Activity
Extract the lines up to and including the one that contains "Pretty brunette schoolgirl", starting with the first line of the entries below, and omit the pictures.

Input records

------------------------------------------------------------

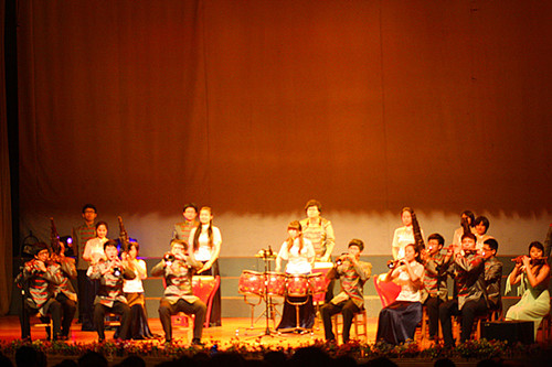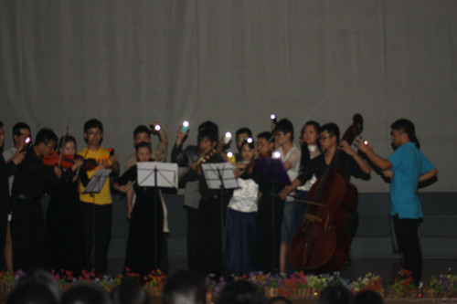 晚会在吹打乐《山乡情》激情悠扬的曲调中拉开帷幕,该作品是由山东艺术学院音乐学院郝益军教授作曲,我院民族乐团演奏,曾在山东大学生文艺汇演中获一等奖。接下来的女声独唱《红旗飘飘》,激情四射的演唱激发了每一个人的爱国情感。当晚会进行到弦乐重奏《宫崎骏原声音乐》时,现场突然发生断电事故,但感人的一幕出现了,我院杨晓飞等演奏者并没有因此停止演奏,在后台多名工作人员和演员手机电筒灯光的照耀下下坚持把优美的曲子演奏完整,显示了我院学生执着认真的演出态度,获得了台下观众的交口称赞,并在观众强烈的要求下又献上了另一首弦乐重奏曲目,场面和谐感人。情景剧《一个都不能死》,让我们回想起中国共产党领导中国人民英勇抗战的峥嵘岁月。为给现场维修人员赢得时间,我院张洪海和张强同学深情演唱了四首流行歌曲,带动了晚会的气氛,赢得台下阵阵欢呼。原创街舞《流星雨》,富有节奏感的音乐与王冠飞和倪英凯动感的舞姿融合在一起,为大家带来了一场精彩的舞台盛宴。新民乐演奏《赛马》带给了观众耳目一新的感觉。最后,晚会在男女声二重唱《举杯吧!朋友》欢快的歌声中结束了,现场气氛十分热烈。
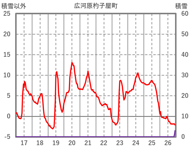 | 日 | 時 | 気温 | 降水 | 風向/風速 | 日照 | 積雪 | 降雪 |
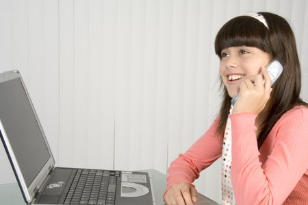 Pretty brunette schoolgirl in pink talking on cell phone, with bright smile, sitting by notebook computer and blinds
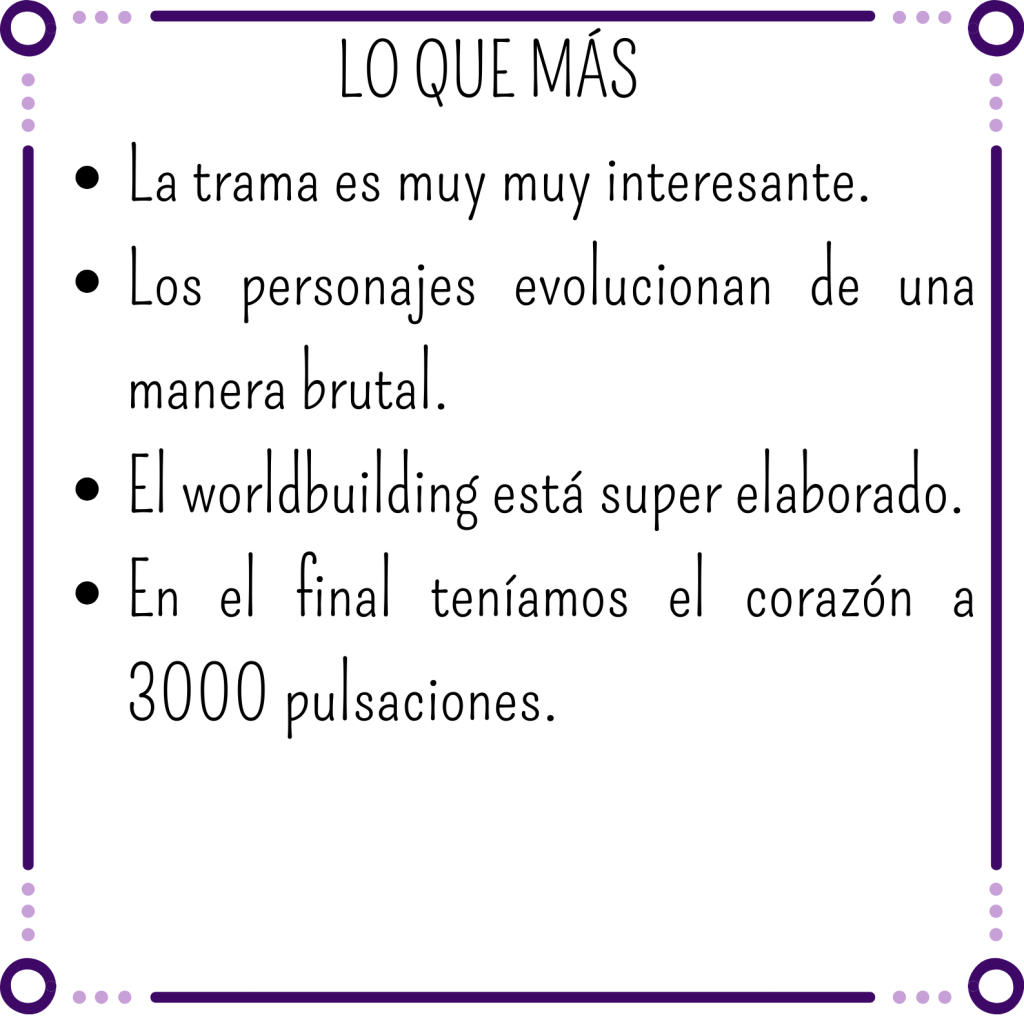 El worldbuilding es bastante complejo y en el primer 30% íbamos un poco perdidas. Se da mucha información y cuesta asentarla, pero tan pronto lo haces, es una delicia.
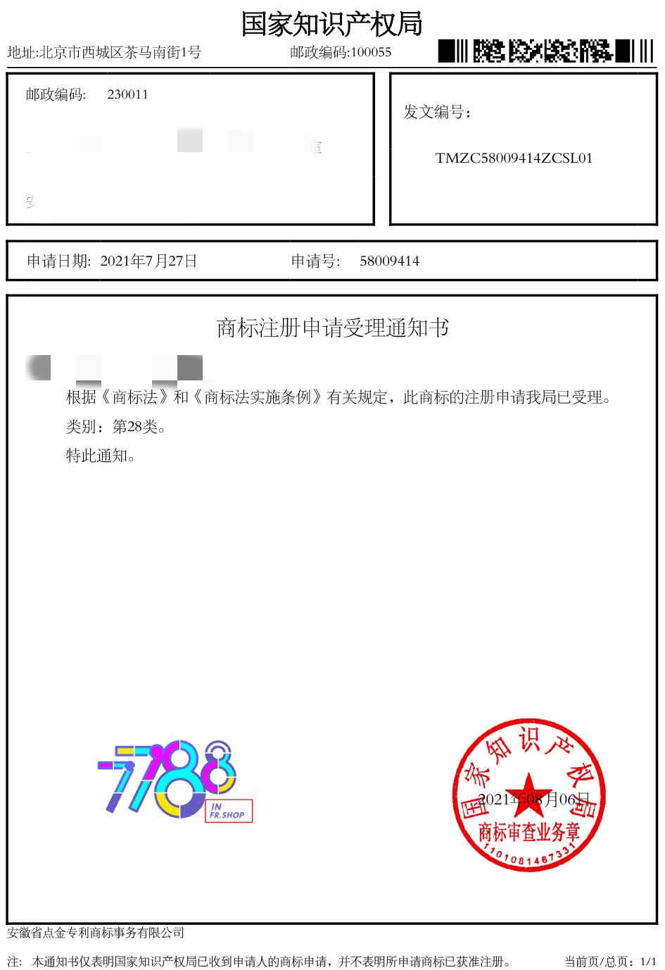 第28类“7788 IN FR SHOP”商标受理通知书
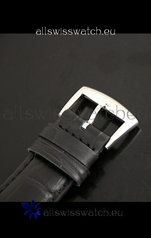 Strap: Genuine Black Leather Strap with Insignia Tang Buckle

------------------------------------------------------------

Final answer
 晚会在吹打乐《山乡情》激情悠扬的曲调中拉开帷幕,该作品是由山东艺术学院音乐学院郝益军教授作曲,我院民族乐团演奏,曾在山东大学生文艺汇演中获一等奖。接下来的女声独唱《红旗飘飘》,激情四射的演唱激发了每一个人的爱国情感。当晚会进行到弦乐重奏《宫崎骏原声音乐》时,现场突然发生断电事故,但感人的一幕出现了,我院杨晓飞等演奏者并没有因此停止演奏,在后台多名工作人员和演员手机电筒灯光的照耀下下坚持把优美的曲子演奏完整,显示了我院学生执着认真的演出态度,获得了台下观众的交口称赞,并在观众强烈的要求下又献上了另一首弦乐重奏曲目,场面和谐感人。情景剧《一个都不能死》,让我们回想起中国共产党领导中国人民英勇抗战的峥嵘岁月。为给现场维修人员赢得时间,我院张洪海和张强同学深情演唱了四首流行歌曲,带动了晚会的气氛,赢得台下阵阵欢呼。原创街舞《流星雨》,富有节奏感的音乐与王冠飞和倪英凯动感的舞姿融合在一起,为大家带来了一场精彩的舞台盛宴。新民乐演奏《赛马》带给了观众耳目一新的感觉。最后,晚会在男女声二重唱《举杯吧!朋友》欢快的歌声中结束了,现场气氛十分热烈。
 | 日 | 時 | 気温 | 降水 | 風向/風速 | 日照 | 積雪 | 降雪 |
 Pretty brunette schoolgirl in pink talking on cell phone, with bright smile, sitting by notebook computer and blinds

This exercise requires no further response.